INFORMATION PROVIDED:
* * * * *
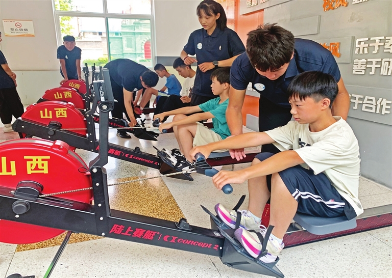 6月29日,山西省水上运动中心赛艇队队员走进建设路小学开展赛艇培训活动。专业测功仪练习提高了青少年对赛艇运动的认识和兴趣,同时培养了他们的团队合作精神。米国伟 摄
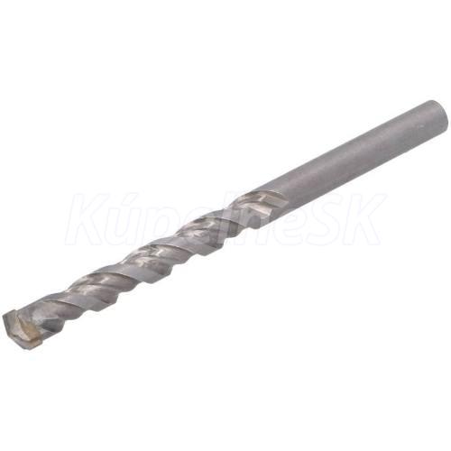 príklepová vŕtačka - valcová stopka obojstranné vrták s presne osadenou doštičkou zo spekaného karbidu (vysoká tvrdosť), spájkovanou pri 1000 °C pre lepšiu toleranciu vysokých teplôt pri vŕtaní špirála ideálneho tvaru na rýchle odstránenie
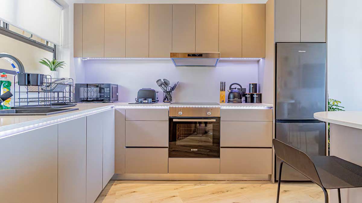 The kitchen offers modern brand new appliances, including dishwasher, fridge freezer, microwave, washing machine.
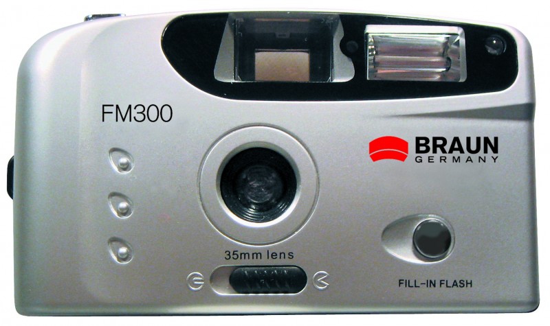 BRAUN FM300 - 35 mm, flash, Red-Eye-Reduction, 2x AA, strap, pouch, silver
* * * * *
WORK REQUEST: Write the listing above out again word for word, excluding all images.

ANSWER TO THE EXERCISE:
 6月29日,山西省水上运动中心赛艇队队员走进建设路小学开展赛艇培训活动。专业测功仪练习提高了青少年对赛艇运动的认识和兴趣,同时培养了他们的团队合作精神。米国伟 摄
 príklepová vŕtačka - valcová stopka obojstranné vrták s presne osadenou doštičkou zo spekaného karbidu (vysoká tvrdosť), spájkovanou pri 1000 °C pre lepšiu toleranciu vysokých teplôt pri vŕtaní špirála ideálneho tvaru na rýchle odstránenie
 The kitchen offers modern brand new appliances, including dishwasher, fridge freezer, microwave, washing machine.
 BRAUN FM300 - 35 mm, flash, Red-Eye-Reduction, 2x AA, strap, pouch, silver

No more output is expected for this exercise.